In Wellington District Court this week, Judge Peter Hobbs sentenced the man to three years and seven months' jail on 10 charges that included aggravated burglary, assault with a weapon, threatening to kill, assault on a woman, wilful trespass, being unlawfully in a building and wilful damage.

The judge said the man wasn't the first to become "unhinged and obsessed" after a breakup but the offending was premeditated and "completely inappropriate".

He took into account the man's guilty plea, remorse and mental health issues when deciding his sentence. "It appears you are a man of some promise and this offending resulted largely from an emotional breakdown and an addiction to methamphetamine.

The Dominion Post can reveal details from the summary of facts after an order suppressing aspects of the case was lifted.

It outlines a trail of violent domestic incidents in which the man punched and kicked his ex-partner.
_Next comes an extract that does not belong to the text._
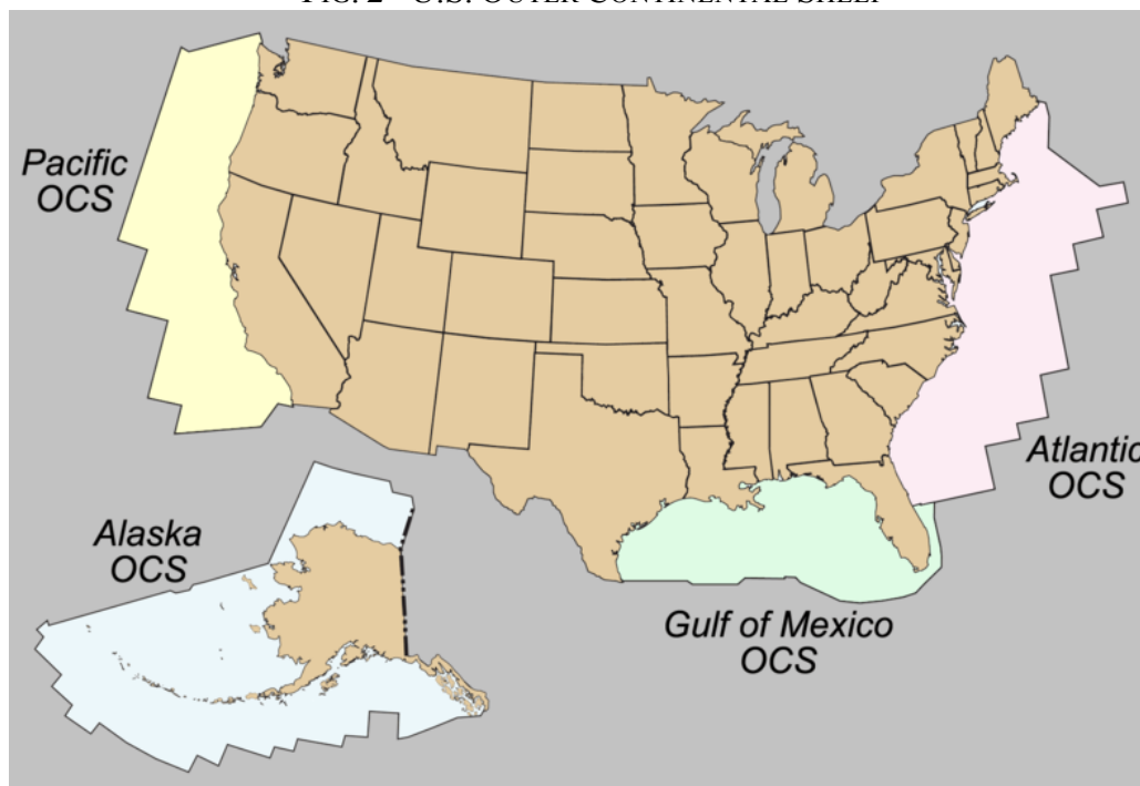
FIG. 2 - U.S. OUTER CONTINENTAL SHELF

The couple broke up on March 22 and the ex-partner stayed with family and friends because she was too scared to stay at the home alone.

Three days later the man was found at the home and lashed out again. Police barred him from the home for two years.
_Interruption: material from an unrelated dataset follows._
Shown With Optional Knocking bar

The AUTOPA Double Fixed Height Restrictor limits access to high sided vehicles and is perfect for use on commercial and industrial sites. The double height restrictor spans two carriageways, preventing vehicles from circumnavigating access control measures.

On the day his hiding place was discovered, his ex-girlfriend was talking to a man in a lounge upstairs.

The pair heard a noise on the porch and, when they investigated, found an old envelope with a note that read: "He has three min to leave or me & Charlz be bak".

The ex-partner went through the home locking all the doors and windows. A wardrobe was not shut in her daughter's bedroom and, as she began to close the doors, she saw her ex-lover standing in the wardrobe holding a garden spade.

He chased her outside and yelled to the other man: "I'm gonna f...... kill you." He fled after the spade was wrestled from him.

Police and the woman returned to the home later the same day to search it.

They could not open the front door, found a sheet covering the window, another window broken and a wall unit damaged at the rear of the home.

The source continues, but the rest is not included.